Corrugated baskets present two different coding problems: how one might mark assembly information directly on a custom-punched tape, and how one might write down (on a piece of paper) assembly information for a tape pre-marked with a standard consecutive numbering. The latter is the topic here.
In the standard consecutive numbering, orienting the tape from the smaller to the larger numbers, each segment of the tape (i.e., a segment between crossings) should be marked near its terminal end as shown above, so that the number naturally becomes a sub-address for the nearest crossing.
All the crossings in a corrugated basket look the same. Rotated so that the converging quadrant is at the bottom, as shown above, they all look like the diagram. The crossing has a binomial address (represented here generically by 0,1): an even sub-address on the left and an odd sub-address on the right. (Those positions might just as well be reversed, but, to make things easier for the basket maker, we will always choose a basepoint for the counting that makes the above diagram correct.)
The oriented geodesic path is always a boundary between white and a tinted region. At each crossing, white switches sides; “black” also switches sides but its tint changes as well. For example, in the diagram, the 0 strand, before this crossing, has white on the right, and the dark tint on the left. After this crossing, white is on the left and the light tint is on the right. Also, the sub-address will have incremented by one and so changed parity.

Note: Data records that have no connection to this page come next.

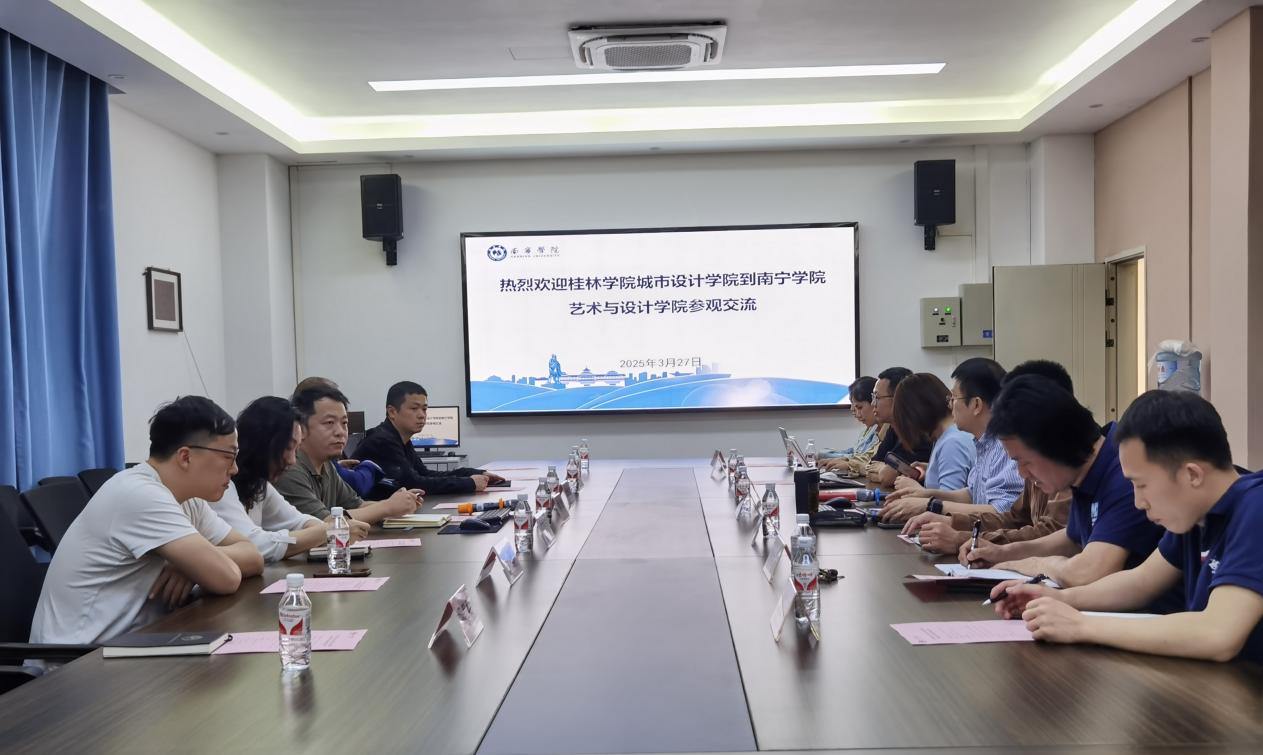 3月27日下午,城市设计学院由党政领导带队,一行6人赴南宁学院艺术与设计学院学习交流。南宁学院艺术与设计学院院长黄宇、党总支副书记岑铭君、副院长王春伟以及各教研室、各部门负责人接待了来访团一行。
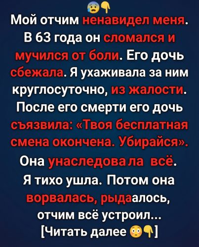 Здоровье отчима начало стремительно рушиться. Ещё недавно он уверенно отдавал распоряжения, а через неделю уже не мог стоять на ногах, дрожа от слабости. Врачи говорили шёпотом, бросая слова вроде «осложнения» и «ограниченное время». Дом, где раньше царили порядок и контроль, наполнился тревогой и страхом. Его родная дочь — та самая, настоящая — пообещала приехать и помочь.
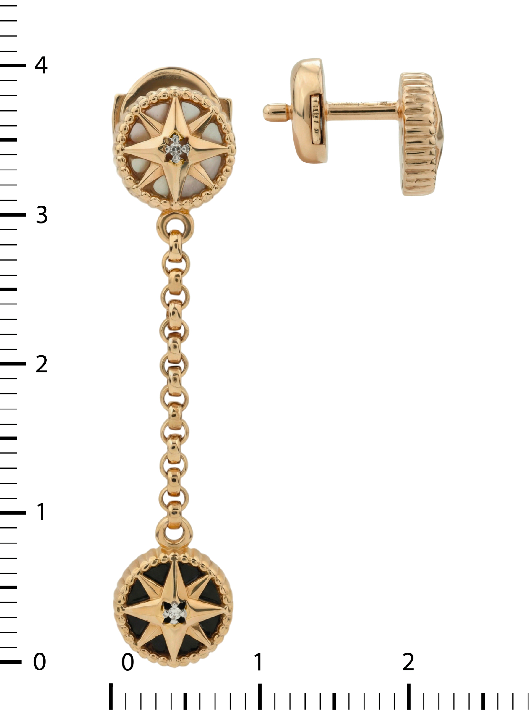 Серьги из золота c бриллиантами, ониксом и перламутром
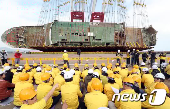 뉴스1에 따르면 세월호 선체조사위원회는 10일 오전 목포신항에서 해상크레인으로 선체를 바로 세우는 작업을 시작한다. 이날 오전 9시부터 3시간 가량 진행될 예정이다. 이 과정은 세월호 유가족 및 선체조사위원회 관계자 등 100여명 정도가 지켜보는 가운데 진행된다.
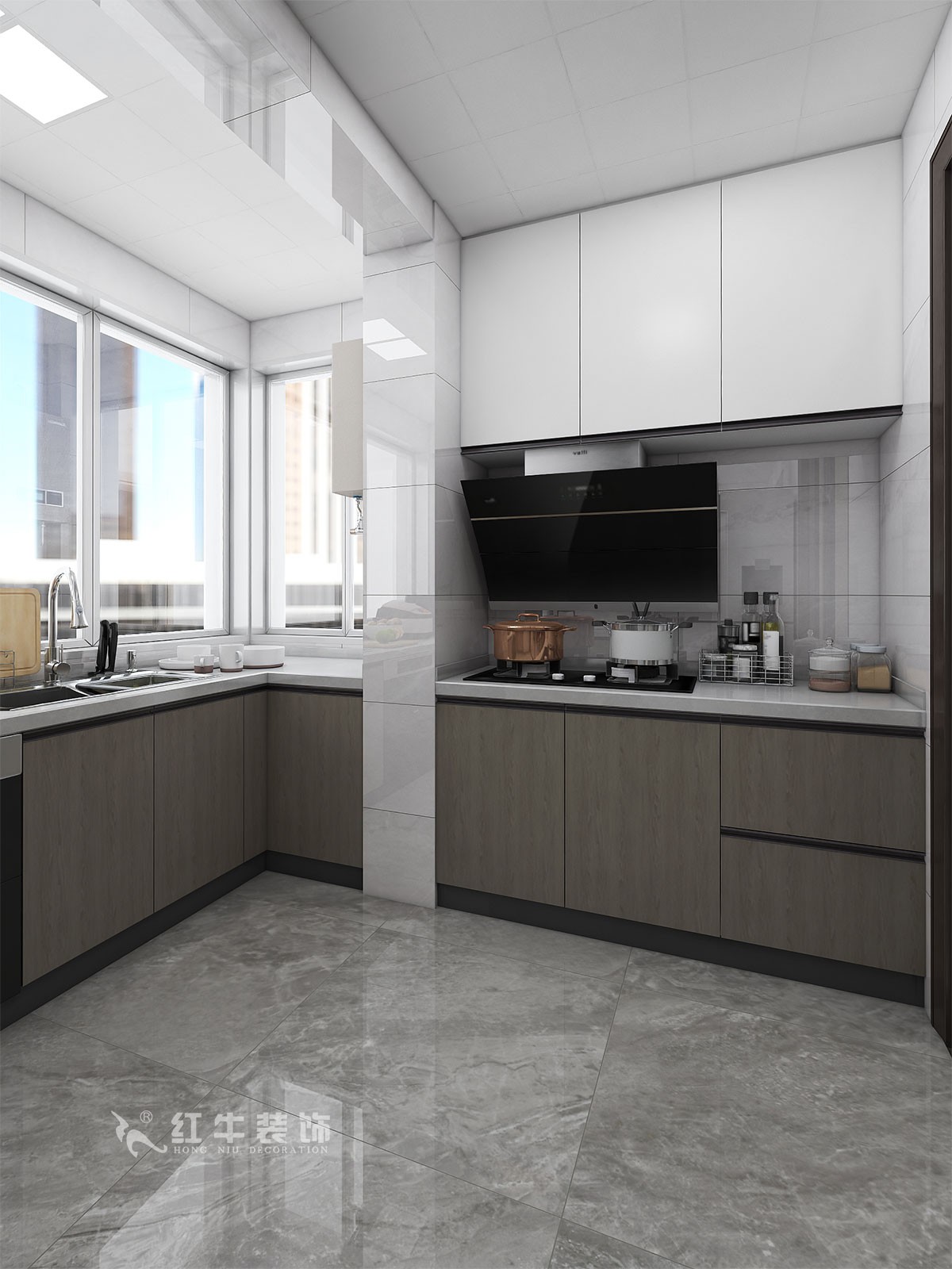 客廳北陽臺(tái)打通并入廚房,增加廚房?jī)?nèi)部電器空間,層次更分明,提升了整體效果。

If we are going to be walking along the path a lot in the oriented direction, it might be good to have the right leg shorter than the left because there is always going to be either a dale on the left or a hill on the right.
0 and 1 in the diagram merely symbolize even and odd sub-addresses, their relative magnitude is unknown: either could be the bigger sub-address and thus the later strand. If, say, the even sub-address is bigger, then we are colliding with the left side of the earlier strand and are potentially closing a dale region, conversely, if the odd address is bigger, then we are colliding with the right side of the earlier strand, and are potentially closing a hill region.
If we always write the full address in "even-odd" order, it is easy to remember on which side of the smaller sub-address the bigger sub-address is approaching.